A Scots soldier has avoided being thrown out of the Army after a brutal assault on a fellow squaddie on a military night-out.
Gordon Smart left the victim with a fractured eye socket after bad blood between the pair spilled over next to an Edinburgh pub.
A lawyer for the 35-year-old said he regretted the feud turning violent in public as “what happens in the barracks stays in the barracks”.
The city’s sheriff court was told Smart faced an administrative discharge if he was jailed or received more than 100 hours of community service.
Sheriff Alistair Noble noted Smart’s references from superior officers and the fact he’d completed two marathons and an ultra-marathon for a cancer charity.
The sheriff fined Smart, of Motherwell, North Lanarkshire, £395.
Smart appeared at the court on Tuesday and pled guilty to assaulting John Dill to his severe injury.
Fiscal depute India MacLean said a group of soldiers had been drinking at The Three Sisters pub in the Cowgate.

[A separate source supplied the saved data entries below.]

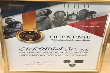 Občianske združenie Úsmev ako dar ocenili spoločnosť EUROVIA SK, a.s. za výnimočnú pomoc a podporu, ktorú naša spoločnosť venuje deťom a rodinám v ťažkých životných situáciách.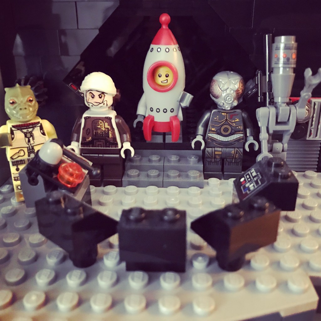 Next, they stopped briefly at the detention block. Mrs. Rocket wasn’t too thrilled about lingering here because the place was full of disreputable-looking bounty hunters. Little Robbie insisted on getting a picture with them anyway.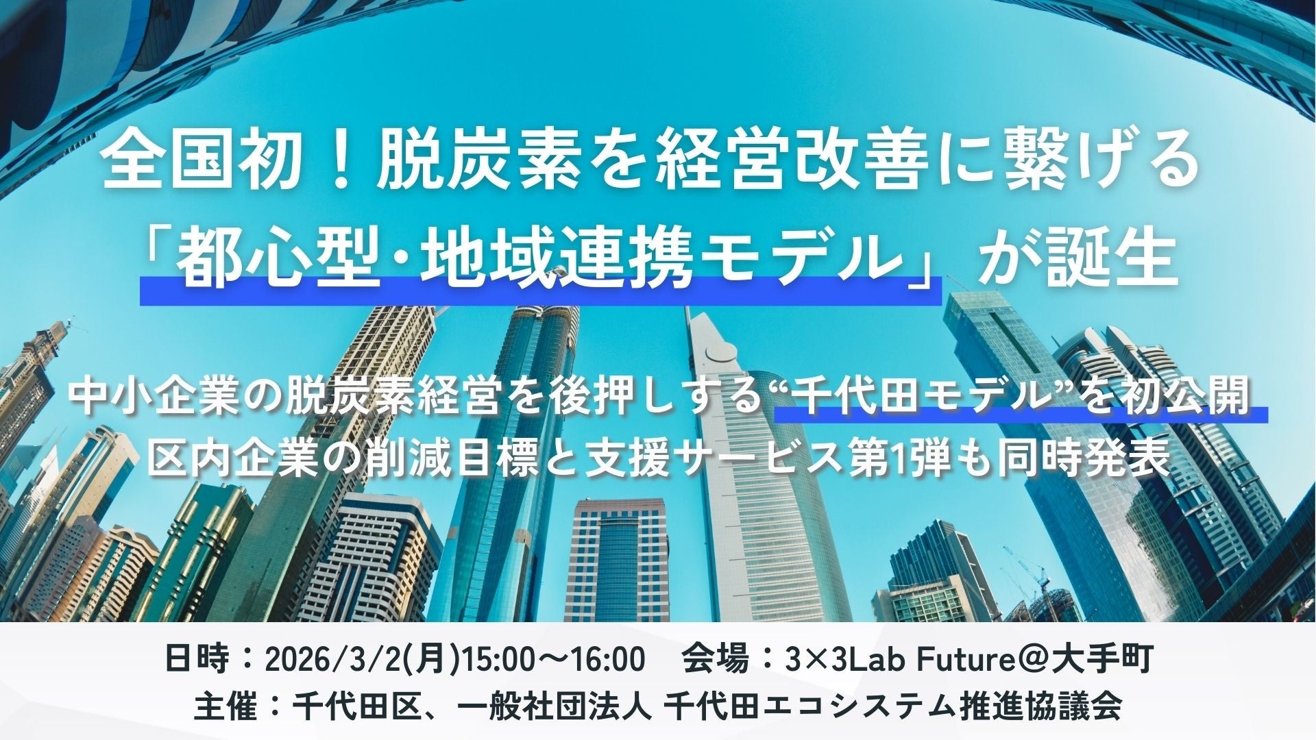 中小企業の脱炭素経営を後押しする“千代田モデル”を3/2(月)初公開。区内企業の削減目標と支援サービス第1弾も同時発表(主催:千代田区、一般社団法人 千代田エコシステム推進協議会)

Ms MacLean said Smart and John had been “continually annoying each other throughout the day”, but it was seen by others in the party as “light-hearted”.
The court heard the pair left the pub together and entered nearby Scott’s Close.
Ms MacLean said: “Mr Smart has punched Mr Dill to the head, causing bleeding.”
The prosecutor said John suffered a fractured eye socket while Smart was taken to St Leonards police station following the incident on August 24 last year.
Defence agent Daniel Cameron said his client was an “exemplary” soldier, but faced a discharge if the sentence reached a certain threshold.
Mr Cameron said ending Smart’s military career “might be disproportionate”, adding the victim “bears him no ill will”.
The court was told John declined to give a police statement and hadn’t wanted the prosecution to proceed.
Mr Cameron said: “He wished the matter had been kept inside the regiment.”
A senior Army officer present in court confirmed to Sheriff Noble that “Lance Corporal Dill is fully recovered now”.
The sheriff noted Smart had raised a “significant amount for charity” and had a career “trajectory with an upward path”.